Опять надолго замолчали.
— Что же ты ничего не скажешь мне? — спросила она, ёжась, и прибавила почти враждебно: — Доволен аи нет?
— А то? Очень даже довольный! — охотно и прямодушно признался Иван, не расслышавший в её голосе непонятной для него неприязни. — Знаешь, поди, как ждал тебя!..
— «Ждал»! — передразнила она. — А зачем? Зачем я тебе, чужая жена?!
— Фрося!
— Вот уже и Фрося. — Она горько усмехнулась, пытаясь высвободить плечи из его рук. — Обрадовался, довольный! Эх, кобели вы, кобели!.. Хотя б постреляли вас там всех! Чему ж тут радоваться-то, а? Прибежала к тебе, женатому, дура беспутная, бросила, сучонка гулящая, трех малых детей и прибежала. Этому, что ль, рад? — Голос её был сух, холоден, гневен.
А ведь за минуту до этого она с трепетной радостью ждала встречи с ним и шептала про себя самые ласковые, самые нежные слона, которые хотела сказать ему,
— Ну, вот и осерчала. Не силком же я тебя сюда…

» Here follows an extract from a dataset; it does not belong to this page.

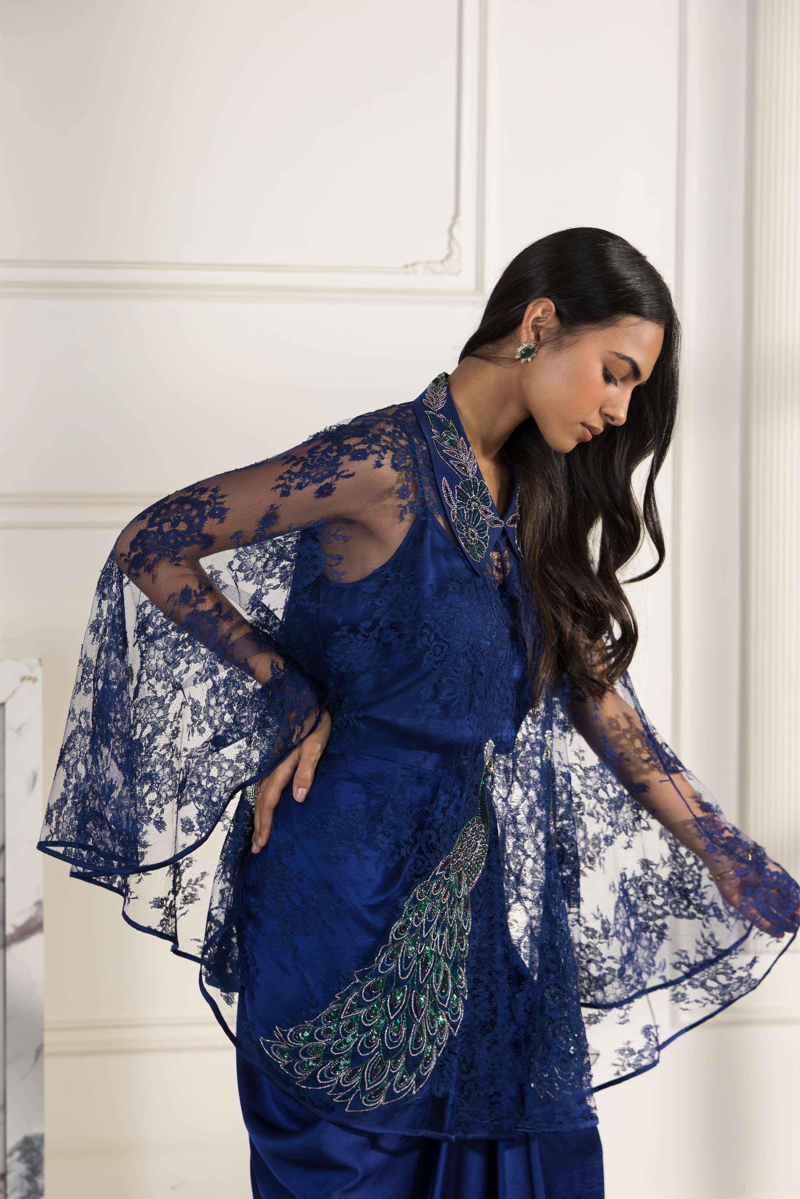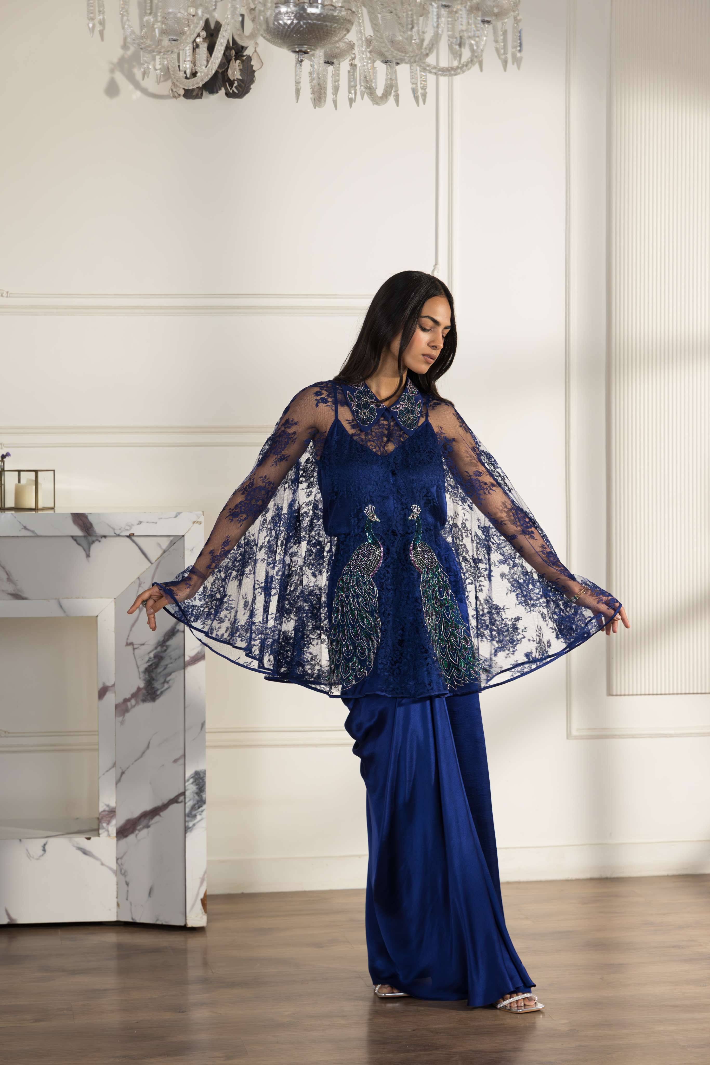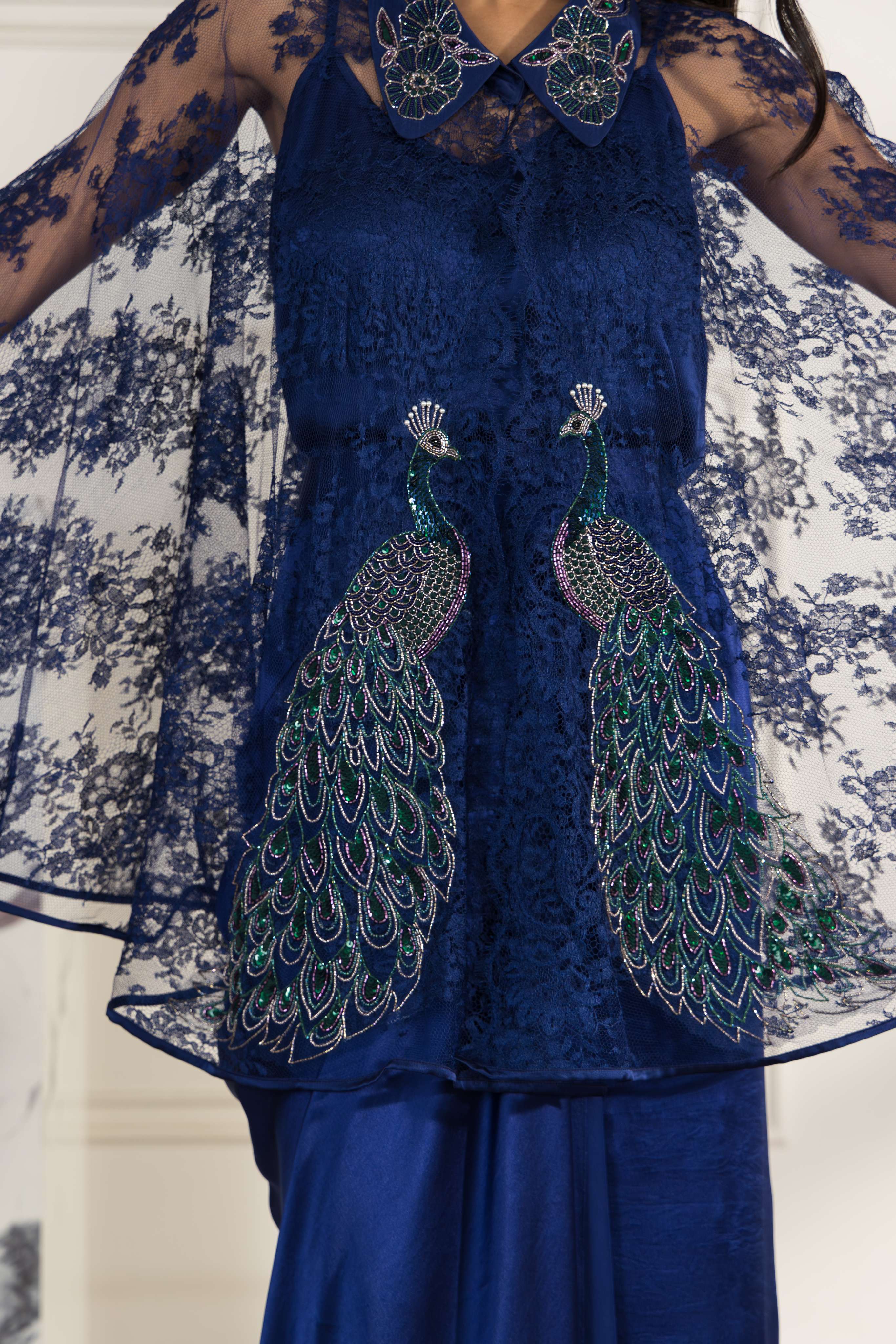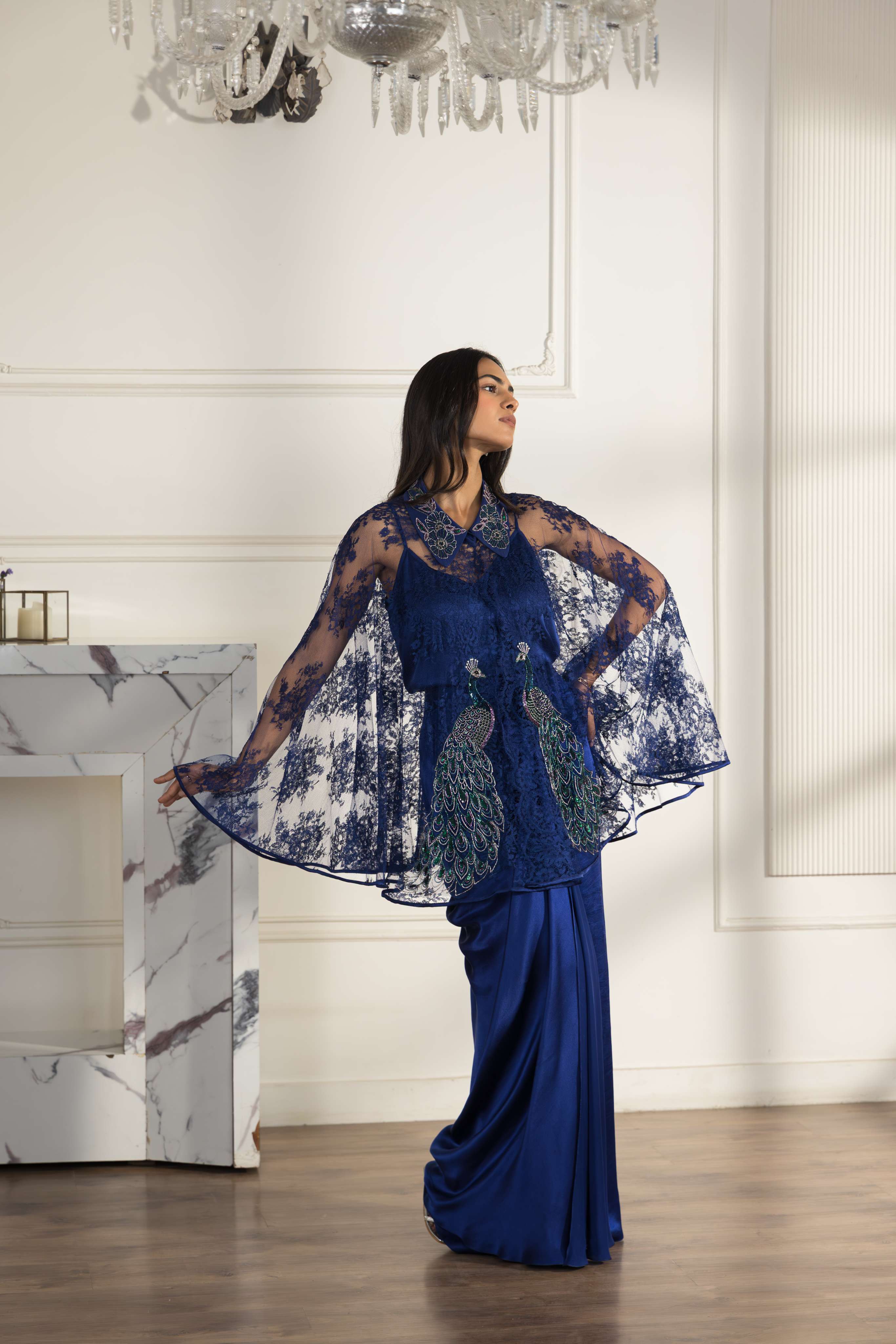 In 100% Satin Silk, this refined three-piece set is paired with an authentic Chantilly French lace cape, brought to life through 100 hours of hand embroidery. Intricate cutdana, moti, and beadwork beautifully form peacock motifs across the flowing cape, while the Satin Silk collar is enriched with detailed embroidery for a statement finish. The set includes a drape skirt and slip, both in pure Satin Silk, offering a tailored fit to complement the cape’s free-flowing silhouette. Balancing structure and ease, it is perfect for soirées, gatherings, or occasions that call for quiet elegance.

— Молчи уж! «Не силком»! Ишь какой святой отыскался!
Подходя к гумнам, Фрося не думала о том, какие слова скажет ей Иван, для неё было важнее то, что скажет ему она сама. Обида возникла неожиданно, и последние слова Ивана только объяснили причину этой обиды. Да, ей было бы куда легче, если б он силой или обманом заманил её сюда или если б эта встреча была случайной, как тогда в хлевушке, а не сама она, по доброй своей воле, бросила дом, детей и пришла. И то, что он назвал её Фросей, а не Вишенкой, как называл всегда, лишь усилило её обиду, и она уже порывалась встать и убежать от него поскорее домой. Туда, где в тёплой просторной зыбке посапывает, шевеля пухлыми губками, Ленька, жалостливый Санька прислушивается к скрипу калитки, не идёт ли его мамка, а шустренькая плакса Настенька забилась где-нибудь в самый угол на печи, тоже ждёт, когда откроется дверь, войдёт мама, примет её, Настеньку, доченьку свою ненаглядную на руки и, притворившуюся спящей, отнесёт к себе на кровать.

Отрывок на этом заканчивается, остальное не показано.